Bug Description
We're running a deployment of Fluentd-Elasticsearch Helm Chart (Fluentd version 1.4.1) within a Kubernetes environment.
Every Pod in the daemonSet will, after N hours (being N constant, between 8 and 36, and different for each daemonSet Pod), fail to reply to k8s liveness probe and be restarted by k8s.

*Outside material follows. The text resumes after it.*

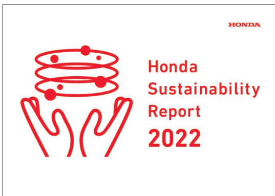
Front cover of Honda Sustainability Report 2022

In an effort to further enhance the transparency and credibility of its disclosures, starting this year’s report, Honda expanded the scope of third-party assurance to cover disclosures related to societal issues in addition to environmental disclosures. The report also introduces the Honda Human Rights Policy, which Honda newly established to ensure fulfillment of its responsibility to respect the human rights of all stakeholders affected by its business activities, based on Honda’s Fundamental Beliefs that include “Respect for the individual.”

I.e.: Monitoring Pod's CPU and Memory with Prometheus, we can see the restarts over the last 24h of a given Pod (below example restarts every 10h):

Note: From our troubleshooting, it seems no logs are lost and no service deprecation is observed. We can only tell that Pod was restarted.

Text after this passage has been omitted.